◆ **Your instructions**
Take the data below and write it out exactly, except for the pictures.

(Stored data entries)
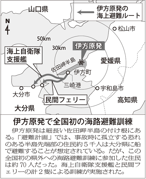 また、今回の訓練の狙いは「避難計画があれば大丈夫。被曝もしない」という「新たな安全神話」をねつ造することであった。そのメーンが「原発以西の佐田岬住民は船で大分へ」という「避難訓練」の実施であった。しかし逆に、訓練を通して地域住民、高齢者や重度の要介護者を無理やり外に連れ出し、被曝させ、命を奪うとんでもない「計画」であることが鮮明になった。
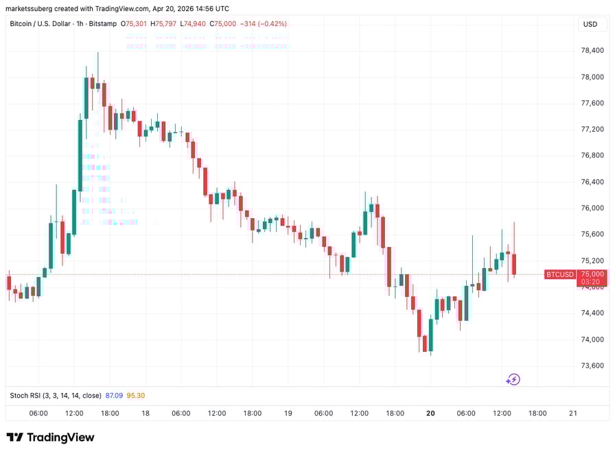Data from TradingView showed 2.5% daily gains for BTC/USD, which had closed the week below $74,000.
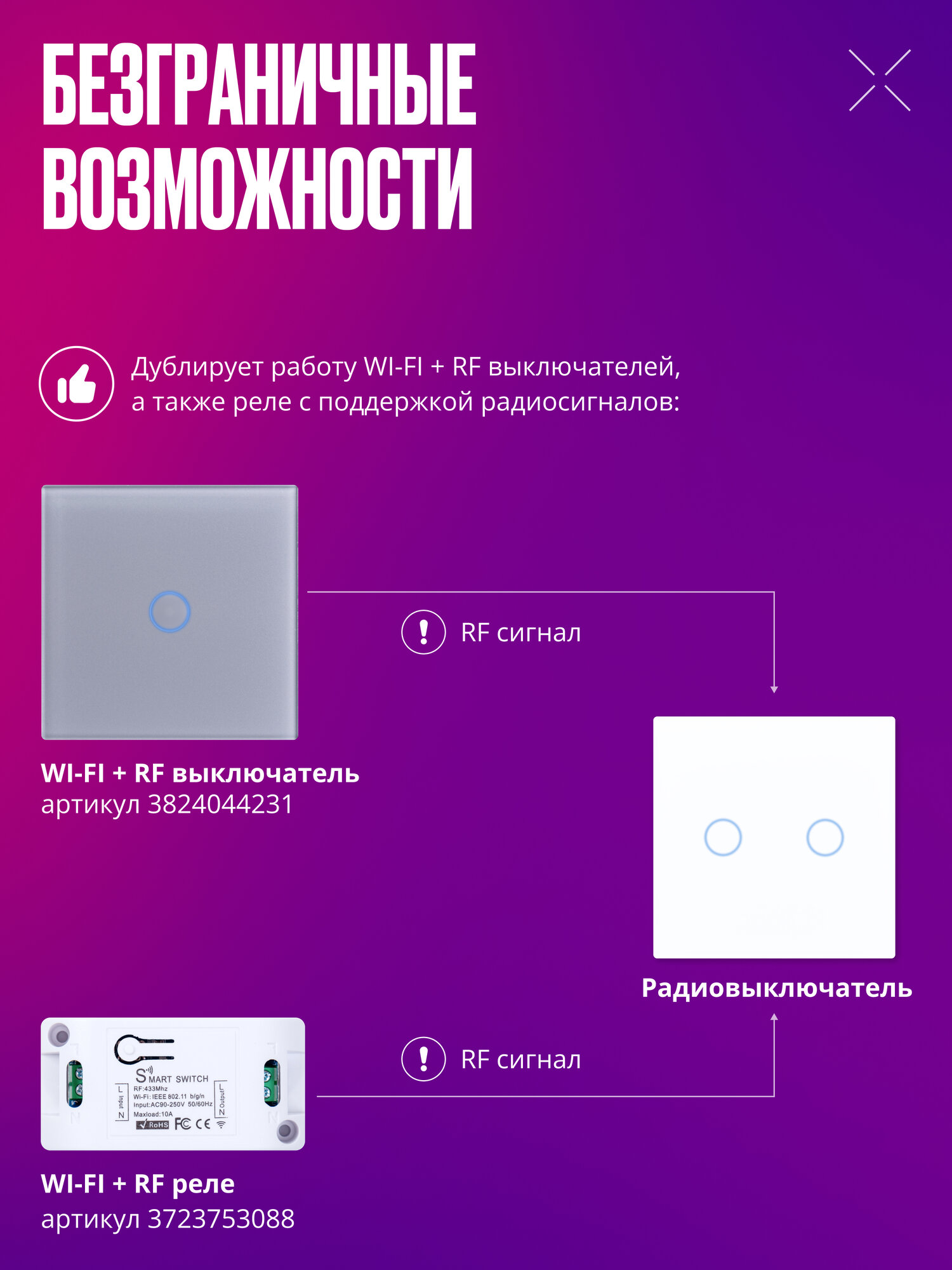 Отзывы на Повторитель сенсорный умного выключателя RF 433 Mhz стеклянный на батарейках двухклавишный, белый
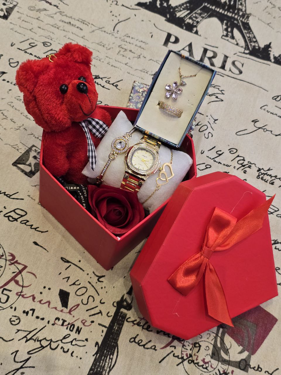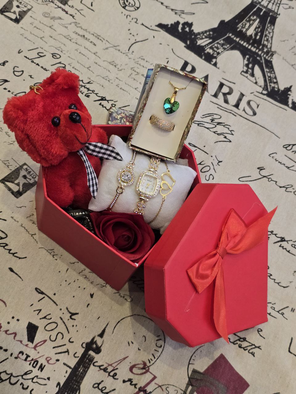 پک زنانه و دخترانه ساعت  و دستبند و گردنبند و انگشتر بهمراه باکس و گل مصنوعی
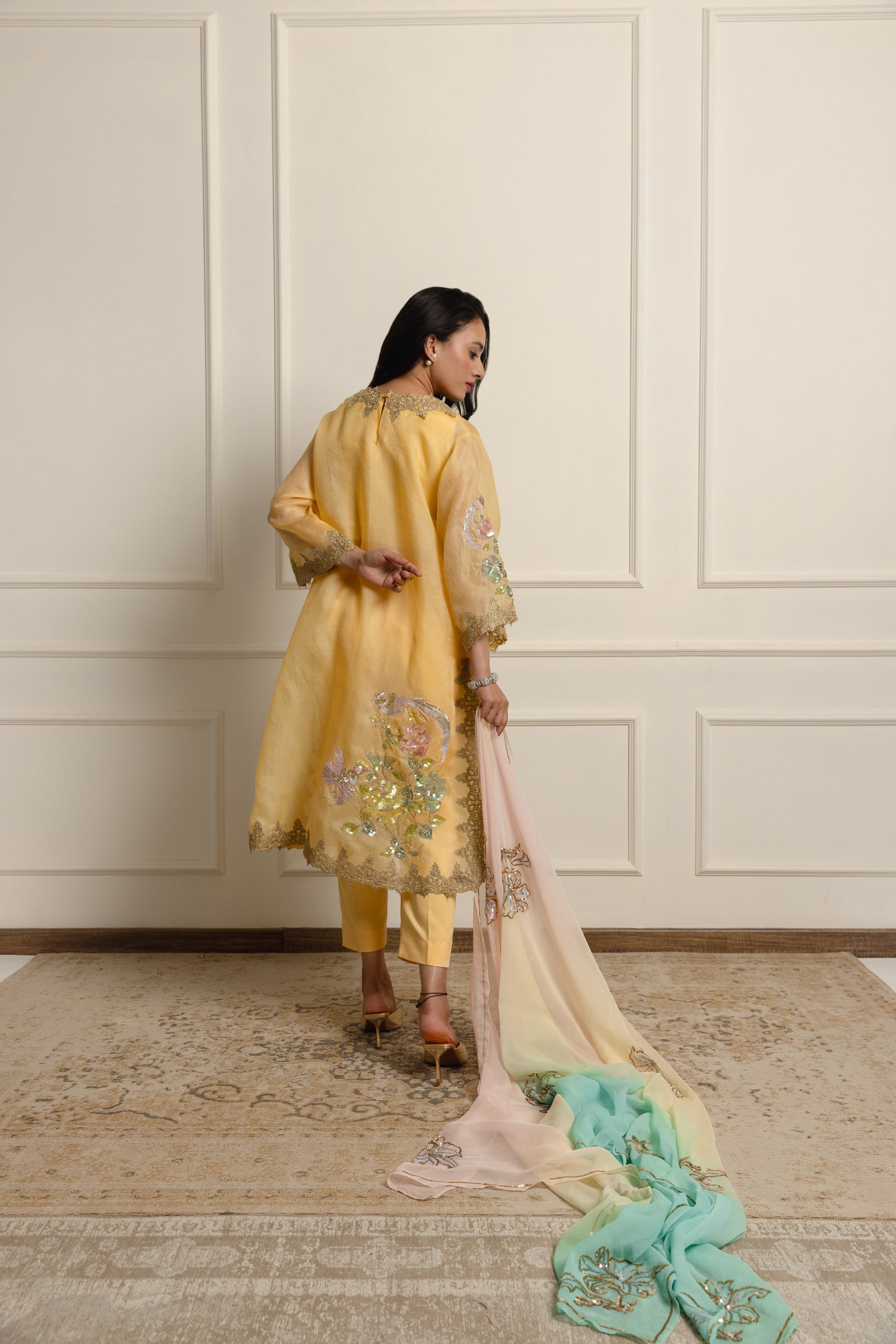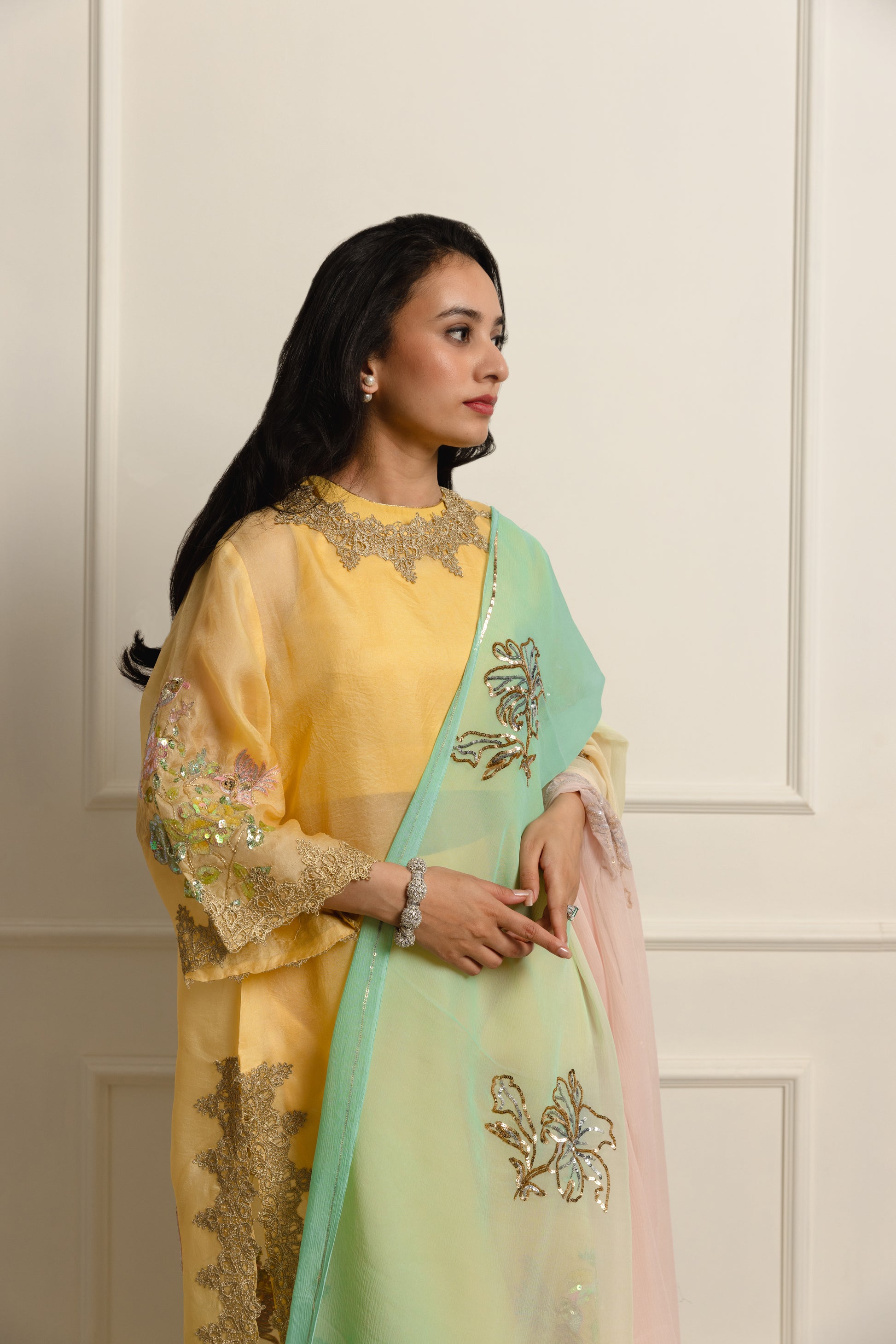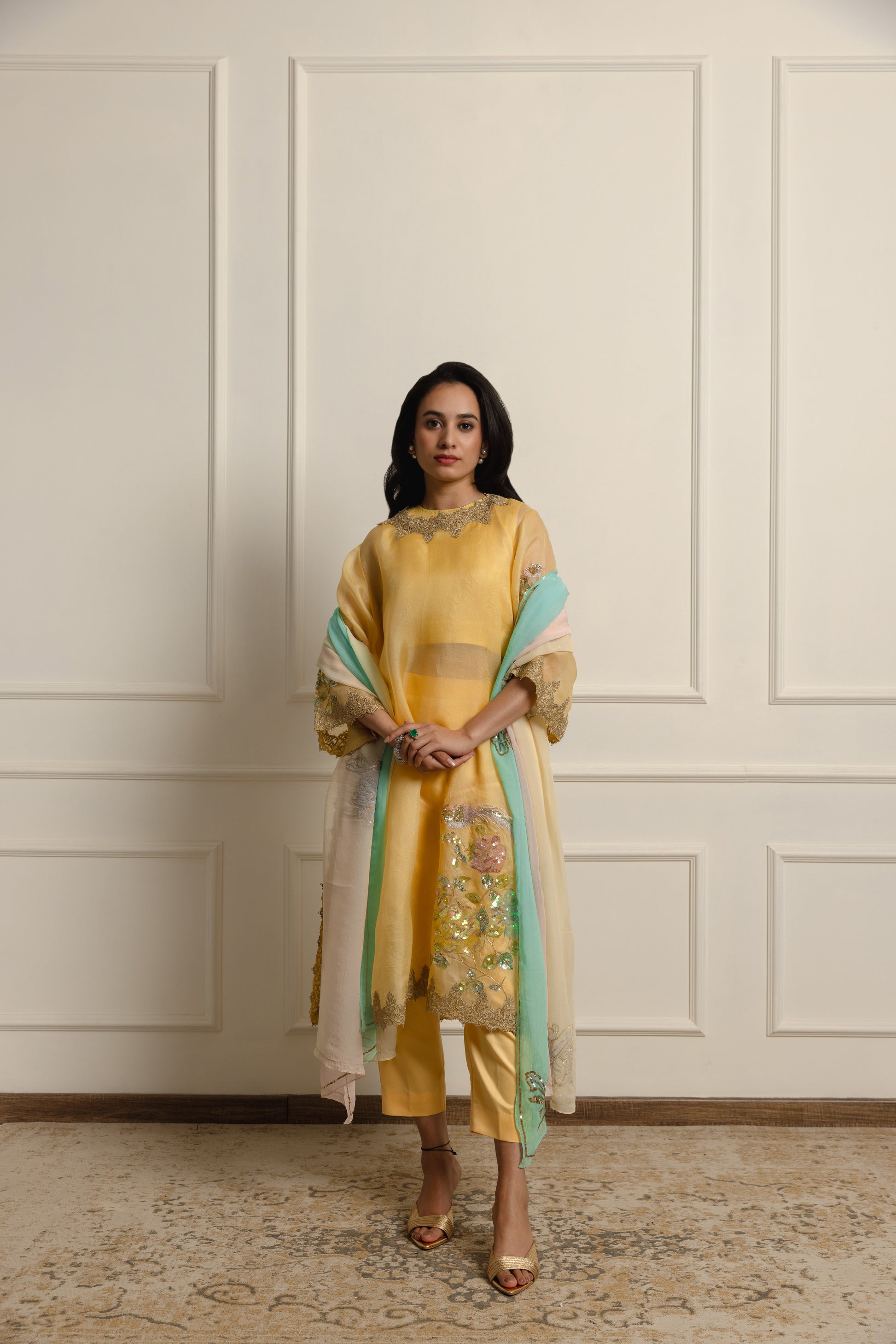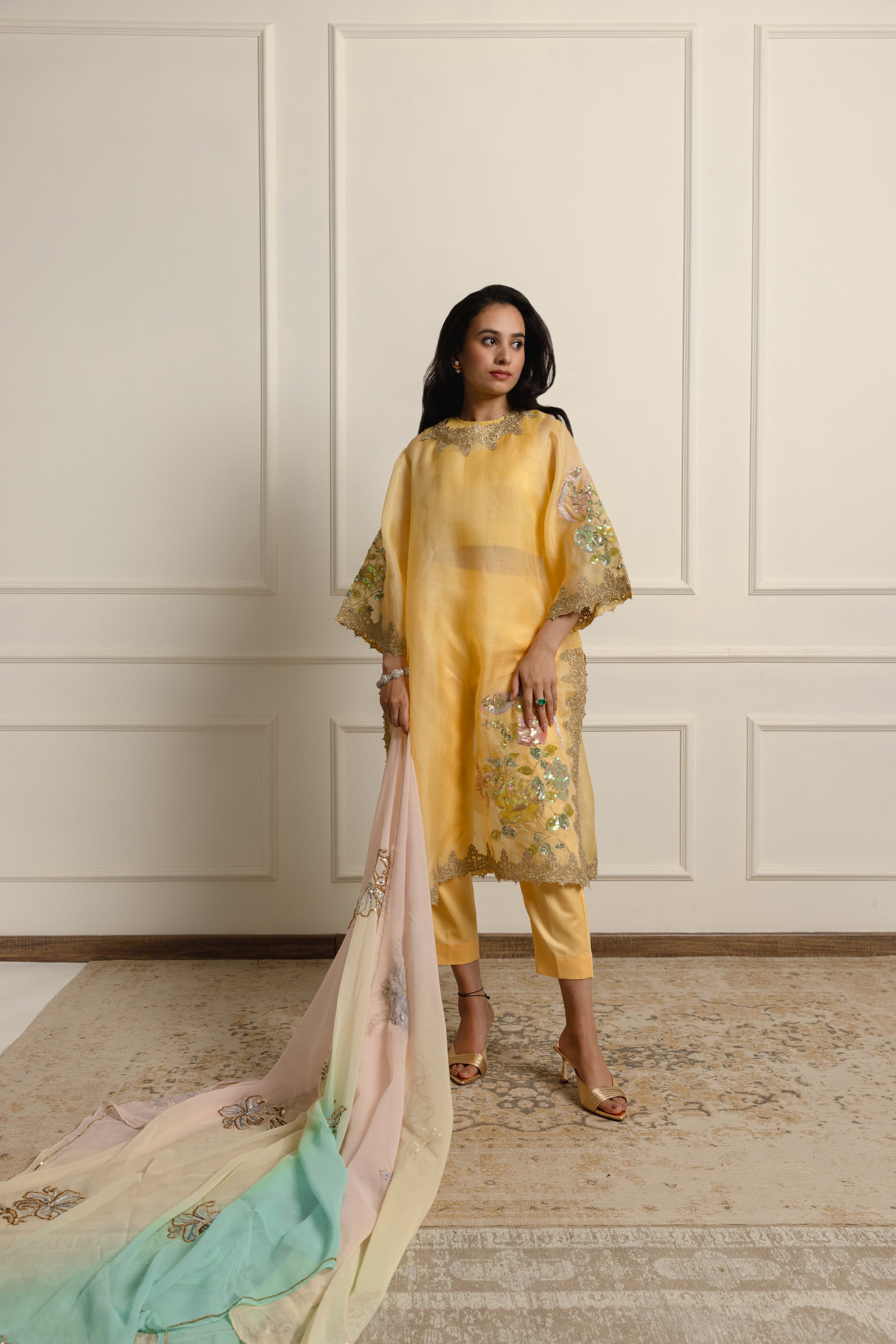 - Fabric - Kurta- Silk Organza, Pant- Silk Satin, Dupatta - Silk Chiffon
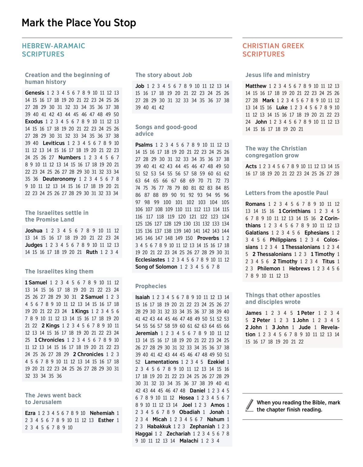 When you reading the Bible, mark the chapter you finish reading.
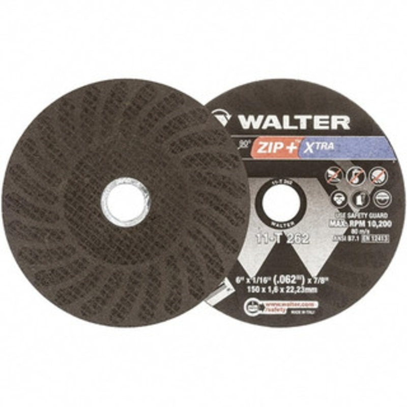 Walter Surface Technologies 6 x 1/16, 7/8" Hole 46 Grit Aluminum Oxide Cutoff Wheel Reinforced, 10,200 Max RPM, Use with Angle GrindersManufacturer Part #: 11T262S/N: 61379632UNSPSC: 23131503UPC: 662980637289(Minimum Order Quantity=25, Package Quantity=1)(
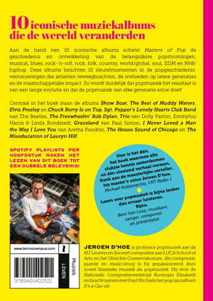Aan de hand van 10 iconische albums schetst Masters of Pop de geschiedenis en ontwikkeling van de belangrijkste popstromingen; musical, blues, rock-'n-roll, rock, folk, country, world/global, soul, EDM en R&B/hiphop. Deze albums belichten 10 sleutelmomenten in de popgeschiedenis: vernieuwingen die artiesten teweegbrachten, de invloeden op latere generaties en de maatschappelijke impact. Zo wordt duidelijk dat popmuziek het resultaat is van een lange evolutie en dat de popmuziek van elke generatie ertoe doet!
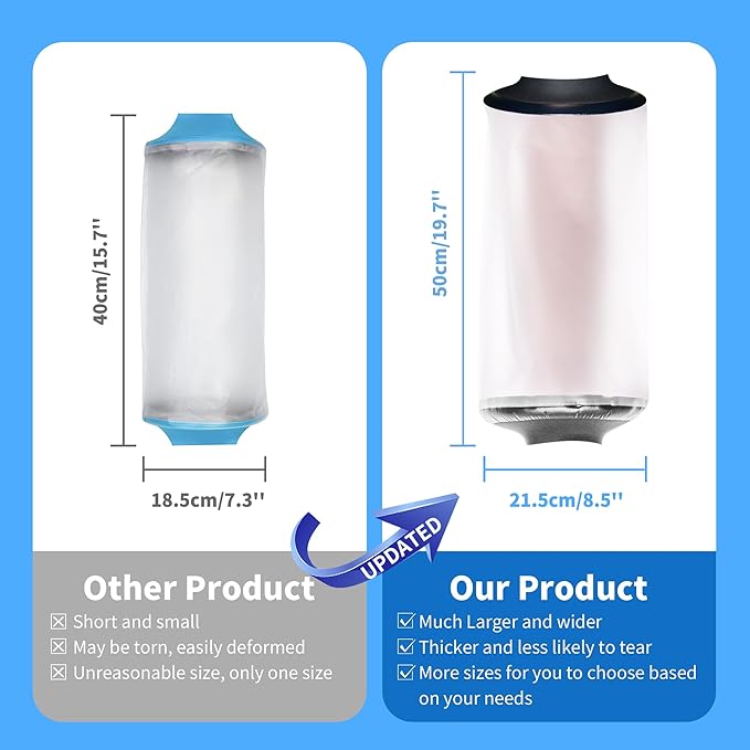 - Knee cast protector for shower with self-sealing protection. Soft and comfortable, no tightness and stuffy feeling. New M2 size, fits more need. Our knee shower cover length add to 50 cm now, long enough to cover your bandage. If you need longer one, please search on our shop, we provide 60 cm and 70 cm also.

◆ **Result**
 また、今回の訓練の狙いは「避難計画があれば大丈夫。被曝もしない」という「新たな安全神話」をねつ造することであった。そのメーンが「原発以西の佐田岬住民は船で大分へ」という「避難訓練」の実施であった。しかし逆に、訓練を通して地域住民、高齢者や重度の要介護者を無理やり外に連れ出し、被曝させ、命を奪うとんでもない「計画」であることが鮮明になった。
Data from TradingView showed 2.5% daily gains for BTC/USD, which had closed the week below $74,000.
 Отзывы на Повторитель сенсорный умного выключателя RF 433 Mhz стеклянный на батарейках двухклавишный, белый
 پک زنانه و دخترانه ساعت  و دستبند و گردنبند و انگشتر بهمراه باکس و گل مصنوعی
 - Fabric - Kurta- Silk Organza, Pant- Silk Satin, Dupatta - Silk Chiffon
 When you reading the Bible, mark the chapter you finish reading.
 Walter Surface Technologies 6 x 1/16, 7/8" Hole 46 Grit Aluminum Oxide Cutoff Wheel Reinforced, 10,200 Max RPM, Use with Angle GrindersManufacturer Part #: 11T262S/N: 61379632UNSPSC: 23131503UPC: 662980637289(Minimum Order Quantity=25, Package Quantity=1)(
Aan de hand van 10 iconische albums schetst Masters of Pop de geschiedenis en ontwikkeling van de belangrijkste popstromingen; musical, blues, rock-'n-roll, rock, folk, country, world/global, soul, EDM en R&B/hiphop. Deze albums belichten 10 sleutelmomenten in de popgeschiedenis: vernieuwingen die artiesten teweegbrachten, de invloeden op latere generaties en de maatschappelijke impact. Zo wordt duidelijk dat popmuziek het resultaat is van een lange evolutie en dat de popmuziek van elke generatie ertoe doet!
 - Knee cast protector for shower with self-sealing protection. Soft and comfortable, no tightness and stuffy feeling. New M2 size, fits more need. Our knee shower cover length add to 50 cm now, long enough to cover your bandage. If you need longer one, please search on our shop, we provide 60 cm and 70 cm also.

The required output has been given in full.